This is the mail archive of the guile@cygnus.com mailing list for the guile project.


Index Nav: [Date Index] [Subject Index] [Author Index] [Thread Index]
Message Nav: [Date Prev] [Date Next] [Thread Prev] [Thread Next]

Re: i18n; wide characters; Guile


Jim Blandy <jimb@red-bean.com> writes:
> An Emacs buffer must hold large amounts of text, and must also serve as the
> operand to editing and searching commands.  It is terribly clumsy to
> use a variable-length encoding in buffers.

Why?  It seems terribly elegant to use UTF-8 for buffers.

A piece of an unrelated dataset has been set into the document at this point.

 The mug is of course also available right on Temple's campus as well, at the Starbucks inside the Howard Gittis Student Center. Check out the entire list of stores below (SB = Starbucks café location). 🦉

The problem with variable-length encodings is that character indexing
is not constant-time.  But why would you need constant-time indexing
for buffers?  There are no common user-level operation which
would require this.  ELisp uses buffer indexes, but there is no
inherent reason they need to be character indexes;  they can byte
indexes or some magic cookie instead.  All most code ELisp code
cares about is that buffer indexes are monotonically inreasing,
and can be represented as fixnums.  Code that is likely to break
is anything that subtracts buffer indexes, and assumes the
difference is related to the number of characters in the sub-range.
There are probably a fair amount of places that would need to be
fixed, but it is certainly a reasonable option.  (And I gather
this is what [FSF] Emacs 20 did.  Perhaps Stallman is (partly)
right after all ...)

The other concerns about variable-with-encoded strings does not
apply to buffers using a gap.  If you replace a single-byte character
with one that needs multiple-bytes, no problem - this is what we
have a buffer gap for.

Searching commands work fine on UTF-8.  Plain (non-regexp) searching
works fine with no change, as long as both the buffer and the search
string are UTF-8.  Reg-exp searching would require some hacking,
since single-character patterns might take multiple bytes in the buffer.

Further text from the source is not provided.